Symbolisch herausgegriffen eine schlussfolgernde Bemerkung zu Rousseau: „Mit dem Gesellschaftsvertrag erbt die republikanische Tradition ein theologisches Paradigma und eine Regierungsmaschine. Und da sie dieses Erbe gleichsam ohne den Vorbehalt der Inventarerrichtung angetreten hat, ist sie sich dessen nicht einmal bewußt.“
Will heißen: Wir stecken – ohne es zu wissen oder gar zu wollen – mit unserem gesamten politischen Ordnungs- und Regierungsapparat noch bis zum Hals im Morast der christlich-theologischen Tradition. Die fatale Konsequenz, von der Agamben uns unmittelbar bedroht sieht: die totale Entkoppelung und Verabsolutierung der Regierenden und des Regierens. Ich selbst sehe wenigstens gleichermaßen problematisch die Heraufkunft der totalen Unregierbarkeit der zu Regierenden. Ihnen wird zunehmend die Last der total entkoppelten und verabsolutierten Selbstregierung aufgeladen.
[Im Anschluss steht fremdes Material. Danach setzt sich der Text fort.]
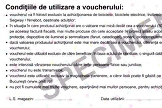 Pe verso sunt inscripţionate „Condiţiile de utilizare” ale voucherului, iar în partea de jos a acestuia vor fi notate data şi magazinul la care a fost utilizat tichetul.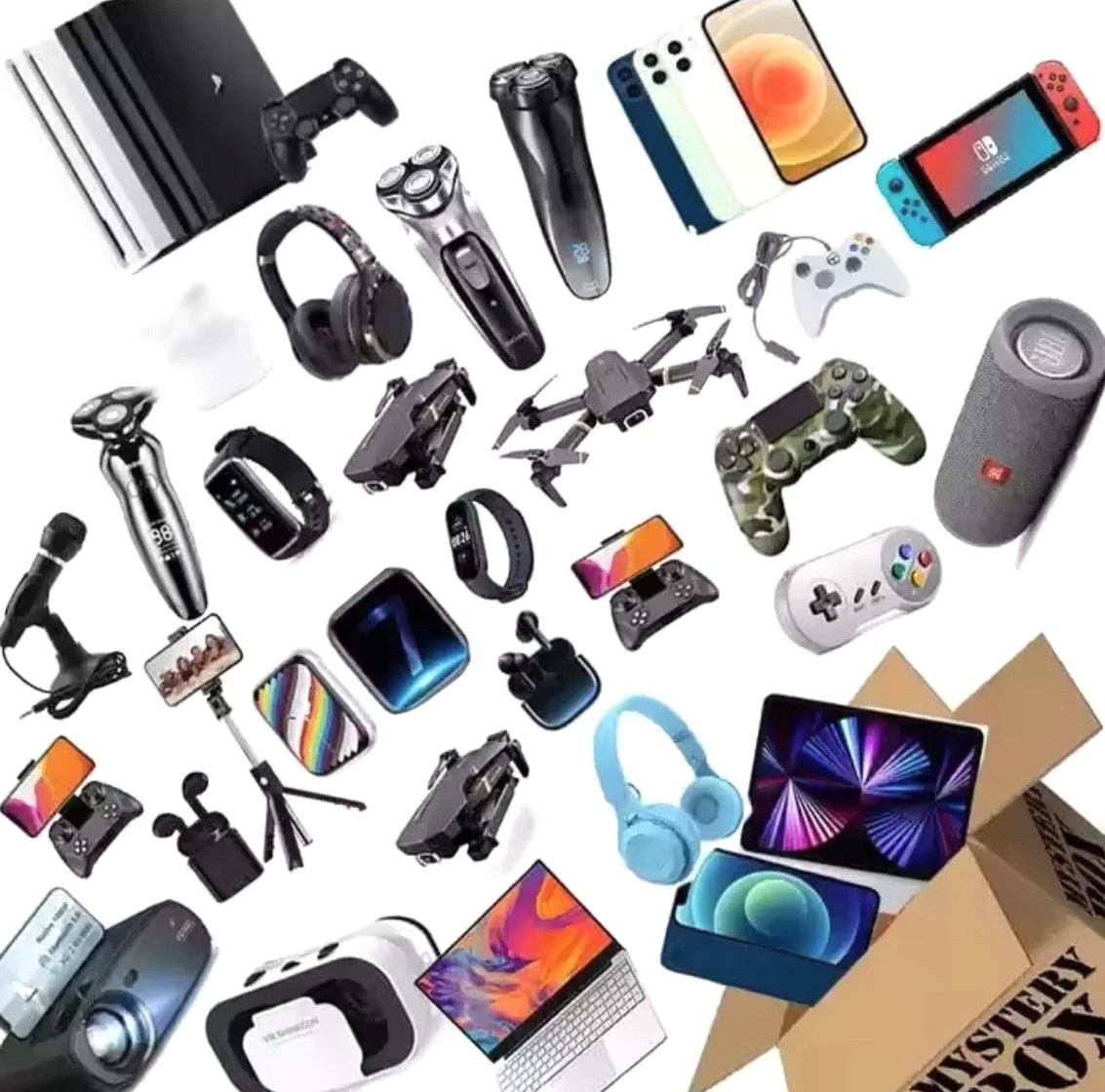 Experience the thrill of the unknown with this Electronics Mystery Box! Each box includes 1–5 random electronic products or accessories, such as mini cameras, action cameras, kids' cameras, selfie sticks, smart watches, smart bracelets, earphones, speakers, or TWS earbuds. Every box is packed randomly – you might receive everyday gadgets, fun tech toys or higher-value surprises. It's perfect for people who love unboxing, tech lovers, gift buyers, or anyone who wants a fun surprise at a great price. Please note: Contents are random. Items shown in pictures are examples only – you may receive different items. No returns or refunds based on personal preference of items.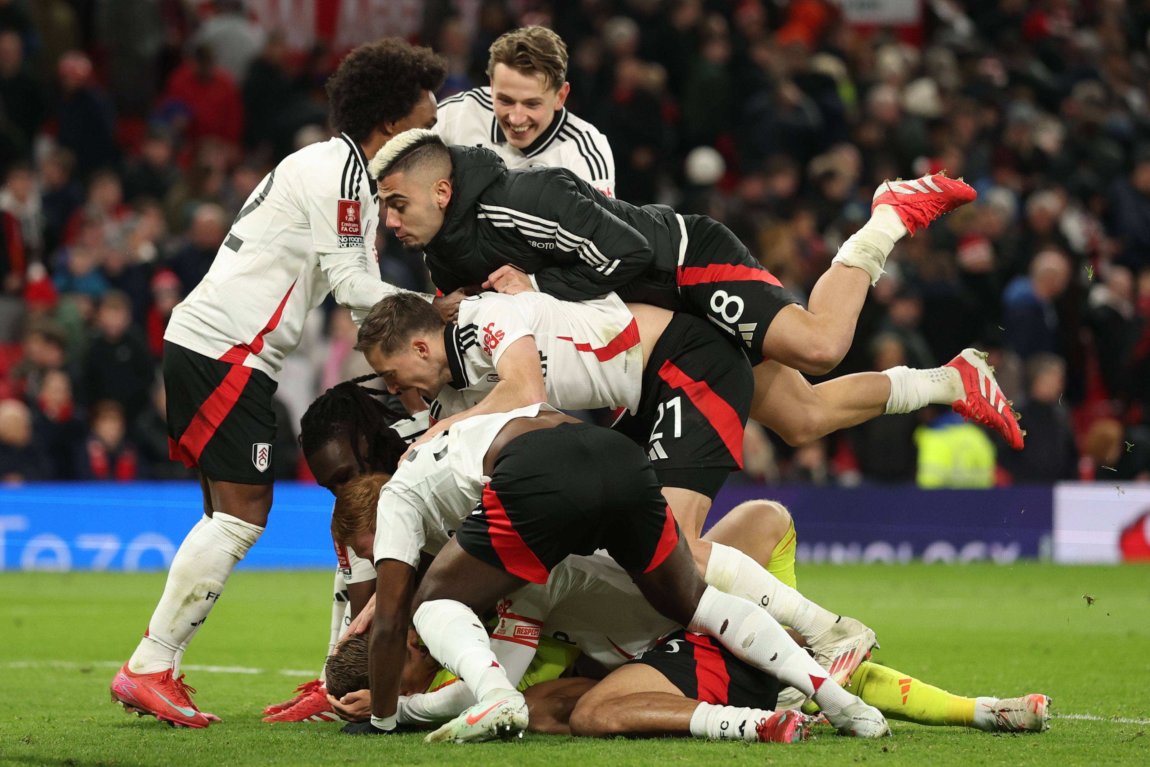 Fulham celebrate winning the penalty shoot out Manchester United v Fulham, Emirates FA Cup, Fifth Round, Football, Old Trafford, Manchester, UK on March 2, 2025. (Photo by Paul Currie/Rex Features/Shutterstock)

Diese Last werden sie nicht tragen können.
Wie dem auch sei: Mit vielen guten Gründen bin ich geneigt, den historischen Materialisten bei ihrem Bemühen, durch Politische Theologie die theologisch durchtränkte Politik zu überwinden, nur das Beste zu wünschen. Die Chancen für dieses Projekt stehen allerdings schlecht.